Set down the data again exactly. Pictures are not part of the copy.

COLLECTED MATERIAL Block Start

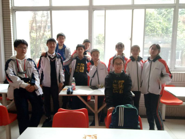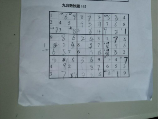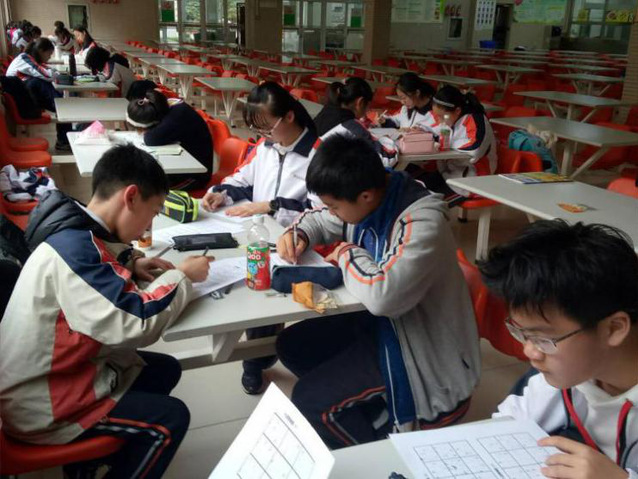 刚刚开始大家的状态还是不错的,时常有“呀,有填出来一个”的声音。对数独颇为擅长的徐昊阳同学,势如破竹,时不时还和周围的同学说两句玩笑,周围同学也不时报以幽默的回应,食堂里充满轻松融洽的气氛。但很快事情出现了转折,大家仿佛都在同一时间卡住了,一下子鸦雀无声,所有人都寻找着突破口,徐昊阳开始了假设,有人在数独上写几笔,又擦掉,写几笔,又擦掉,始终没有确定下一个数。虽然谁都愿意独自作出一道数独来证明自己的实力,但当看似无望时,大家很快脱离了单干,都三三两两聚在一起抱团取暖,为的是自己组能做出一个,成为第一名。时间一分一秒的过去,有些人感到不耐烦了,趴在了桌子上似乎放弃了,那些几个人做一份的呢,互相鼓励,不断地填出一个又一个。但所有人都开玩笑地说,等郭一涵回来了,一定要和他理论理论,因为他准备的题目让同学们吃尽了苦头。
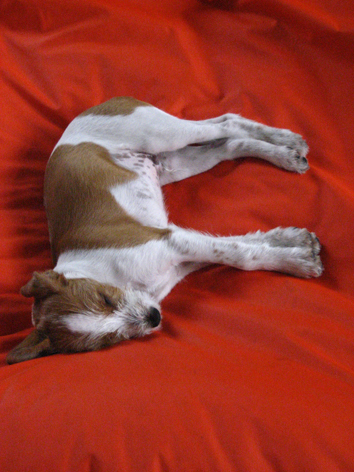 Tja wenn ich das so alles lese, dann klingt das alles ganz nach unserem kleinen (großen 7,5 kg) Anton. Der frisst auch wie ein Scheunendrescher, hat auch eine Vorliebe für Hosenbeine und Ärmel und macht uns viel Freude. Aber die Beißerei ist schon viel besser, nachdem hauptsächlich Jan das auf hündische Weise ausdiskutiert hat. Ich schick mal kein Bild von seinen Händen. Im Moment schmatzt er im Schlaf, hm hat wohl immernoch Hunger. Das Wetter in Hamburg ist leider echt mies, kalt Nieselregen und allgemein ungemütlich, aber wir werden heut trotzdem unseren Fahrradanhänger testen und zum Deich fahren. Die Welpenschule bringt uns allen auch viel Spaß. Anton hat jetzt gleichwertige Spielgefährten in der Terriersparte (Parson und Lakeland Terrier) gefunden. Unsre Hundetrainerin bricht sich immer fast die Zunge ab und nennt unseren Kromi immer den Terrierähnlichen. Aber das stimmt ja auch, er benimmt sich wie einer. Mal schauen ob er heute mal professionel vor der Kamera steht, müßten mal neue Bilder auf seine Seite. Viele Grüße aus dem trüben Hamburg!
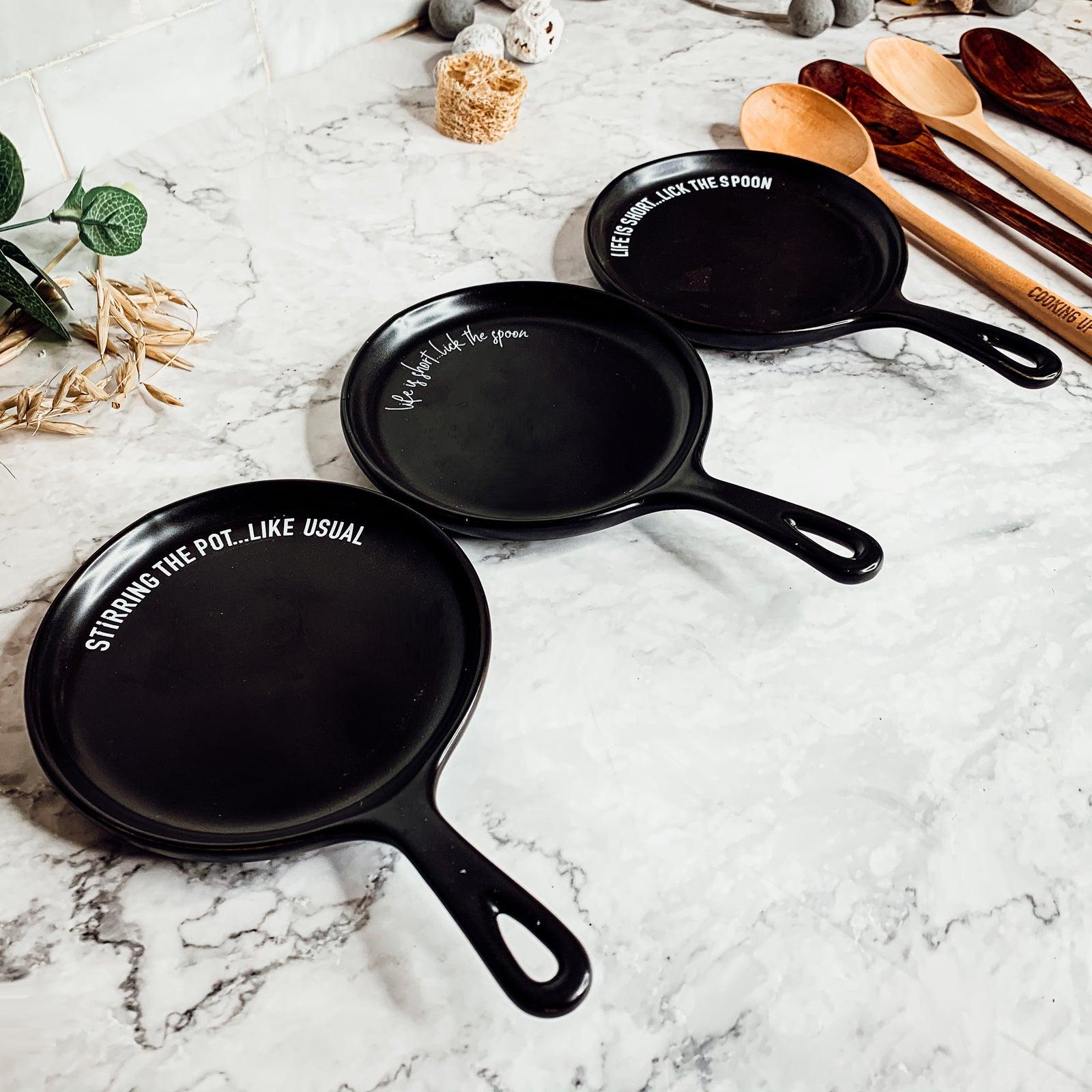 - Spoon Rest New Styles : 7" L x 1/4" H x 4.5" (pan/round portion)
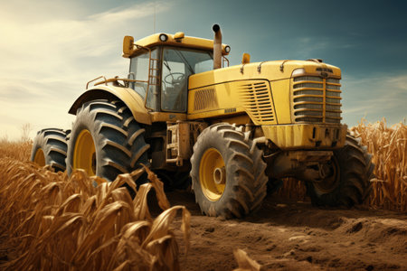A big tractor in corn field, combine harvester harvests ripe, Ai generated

COLLECTED MATERIAL Block End

## THE ANSWER
 刚刚开始大家的状态还是不错的,时常有“呀,有填出来一个”的声音。对数独颇为擅长的徐昊阳同学,势如破竹,时不时还和周围的同学说两句玩笑,周围同学也不时报以幽默的回应,食堂里充满轻松融洽的气氛。但很快事情出现了转折,大家仿佛都在同一时间卡住了,一下子鸦雀无声,所有人都寻找着突破口,徐昊阳开始了假设,有人在数独上写几笔,又擦掉,写几笔,又擦掉,始终没有确定下一个数。虽然谁都愿意独自作出一道数独来证明自己的实力,但当看似无望时,大家很快脱离了单干,都三三两两聚在一起抱团取暖,为的是自己组能做出一个,成为第一名。时间一分一秒的过去,有些人感到不耐烦了,趴在了桌子上似乎放弃了,那些几个人做一份的呢,互相鼓励,不断地填出一个又一个。但所有人都开玩笑地说,等郭一涵回来了,一定要和他理论理论,因为他准备的题目让同学们吃尽了苦头。
 Tja wenn ich das so alles lese, dann klingt das alles ganz nach unserem kleinen (großen 7,5 kg) Anton. Der frisst auch wie ein Scheunendrescher, hat auch eine Vorliebe für Hosenbeine und Ärmel und macht uns viel Freude. Aber die Beißerei ist schon viel besser, nachdem hauptsächlich Jan das auf hündische Weise ausdiskutiert hat. Ich schick mal kein Bild von seinen Händen. Im Moment schmatzt er im Schlaf, hm hat wohl immernoch Hunger. Das Wetter in Hamburg ist leider echt mies, kalt Nieselregen und allgemein ungemütlich, aber wir werden heut trotzdem unseren Fahrradanhänger testen und zum Deich fahren. Die Welpenschule bringt uns allen auch viel Spaß. Anton hat jetzt gleichwertige Spielgefährten in der Terriersparte (Parson und Lakeland Terrier) gefunden. Unsre Hundetrainerin bricht sich immer fast die Zunge ab und nennt unseren Kromi immer den Terrierähnlichen. Aber das stimmt ja auch, er benimmt sich wie einer. Mal schauen ob er heute mal professionel vor der Kamera steht, müßten mal neue Bilder auf seine Seite. Viele Grüße aus dem trüben Hamburg!
 - Spoon Rest New Styles : 7" L x 1/4" H x 4.5" (pan/round portion)
A big tractor in corn field, combine harvester harvests ripe, Ai generated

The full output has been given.